If we apply the argument from potential to hSCBEMs, we find that it is in principle applicable. An hSCBEM with the potential to develop into a born human being would have the same moral importance and status as a human embryo, because it has the same potential. But hSCBEMs are techno-scientific artefacts and this means that determining the potential of a newly developed hSCBEM raises a number of epistemic and definitional problems. We have plentiful knowledge of the potential of a human embryo, but very little knowledge about the potential of a new hSCBEM that has just been constructed. We may to some extent be able to predict its potential, but we will not know what the potential is until we have allowed the model to develop. Furthermore, whereas we can precisely identify human embryos, the model concept is malleable and we need a non-arbitrary way of defining which changes to a model also changes its identity from one model to another model. This is not a trivial task.
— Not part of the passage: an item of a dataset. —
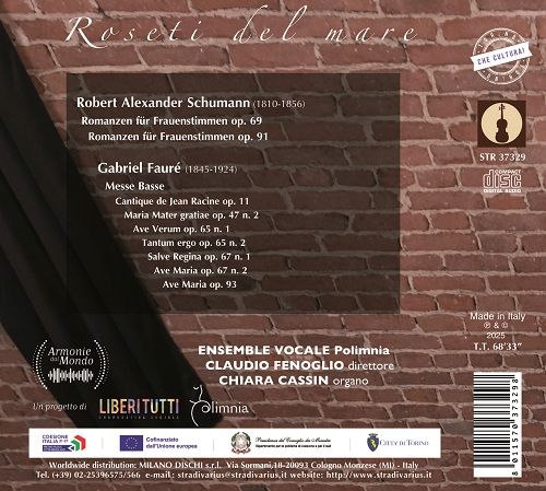 Claudio Fenoglio sagt über dieses Album: In „Roseti del mare” (Rosengärten des Meeres) verflechten sich zwei Metaphern. Der Rosengarten ist der gemeinsame Ort, das facettenreiche, vielfarbige, dornige und zarte Projekt, das den Evolutionsdrang der jungen Interpreten von Polimnia gut verkörpert. Die rätselhafte Weite des Meeres bildet den Rahmen für das konsolidierte Repertoire vieler großer Komponisten. Seine Präsenz manifestiert sich in Robert Schumanns „Romanzen für Frauenstimmen“ („Meerfey“, „Der Wassermann“, „In Meeres Mitten“) und kehrt in den Werken zahlreicher französischer Komponisten wieder (zum Beispiel in Claude Debussys „La Mer“), ein Merkmal, das in der fließenden und eleganten Komposition von Gabriel Fauré, die hier zu hören ist, deutlich zum Ausdruck kommt. An seiner Oberfläche verkörpert das Meer die Spontaneität, Leuchtkraft und Unmittelbarkeit von Faurés Erfindungsgabe, während in seinen Tiefen der Schumannsche Stil wohnt, introspektiv und streng, den Blick auf die Reflexion und die Vielschichtigkeit des Denkens richtend. Mit dem Vokalensemble Polimnia habe ich mich für ein anspruchsvolles Projekt entschieden, das weit entfernt ist von einfachen Transkriptionen oder eher geradlinigen Choradaptionen. Für uns alle war es wie eine Fahrt auf offener See, ohne Halt und ohne ausgetretene Pfade. Eine gefährliche Reise, ohne Gewissheiten, aber voller Möglichkeiten für eine gemeinsame Suche nach den Bedeutungen und Klängen, die die jungen Interpreten im Alter von 17 bis 25 Jahren zum Ausdruck bringen. Dass jung nicht gleichbedeutend mit oberflächlich ist, ist eine Überzeugung, die ich in meiner langjährigen Erfahrung als Leiter des Kinderchors, aus dem das Polimnia Ensemble fast vollständig hervorgegangen ist, gewonnen habe. Das Ergebnis, das wir erzielt haben, ist der Antrieb, der uns zu neuen Herausforderungen und neuen Zukunftsprojekten motiviert.

Taken together, these problems undermine regulatory proposals built on distinctions such as the ISSCR distinction between integrated and non-integrated hSCBEM, and Rivron et al.’s identification of morphological and analogical tipping points. They undermine them because there is a realistic possibility that researchers develop an hSCBEM with the same potential as an embryo, before it is realised that that would be an implication of the next step in hSCBEM development; i.e., we cannot rely on the proposed distinctions to identify the developments we need to regulate.